Image © Jane Flett 2015
|by Jane Flett||December 23, 2015|
Once upon a time, there was a manatee that lived far below the waves in the deepest and bubbliest part of the ocean. The manatee was frequently mistaken for a beautiful mermaid by sailors, because the sailors round those parts were rum-spattered lushes who were more likely to identify as pirates. The sailors had been known to drop a tab of acid before the first wave of the day rose up from the wriggling mass of water, and try to steer the ship like a bowling ball into the sea’s great ten-pins (which, it has to be said, never ended well).

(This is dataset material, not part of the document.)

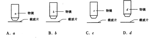 14.用显微镜的一个目镜分别与4个不同倍数的物镜(示意图)组合来观察人血涂片。当成像清晰时,每一物镜与载玻片的距离如下图所示。如果载玻片的位置不变,在一个视野中看到的细胞数最多的是

The manatee, whose name was Cindy, didn’t mind being mistaken for a mermaid, even though the acid tended to make the sex distracted and somewhat directionless. For instance, she always liked the bit when the sailors held her by the fin and told her she was as beautiful as a dozen Chinese dragons, and she liked the gurgle in their throats as they realised that they couldn’t breathe down there, the gurgle and the hiccup that said “bye bye sailor!”
Besides, Cindy thought she deserved something nice, even though there was a little nagging feminist knot in her gut that said maybe it wasn’t very nice to trick drunk people into making out, even if they were men and even if they couldn’t tell the difference between mermaids and manatees and even if they ended up dead.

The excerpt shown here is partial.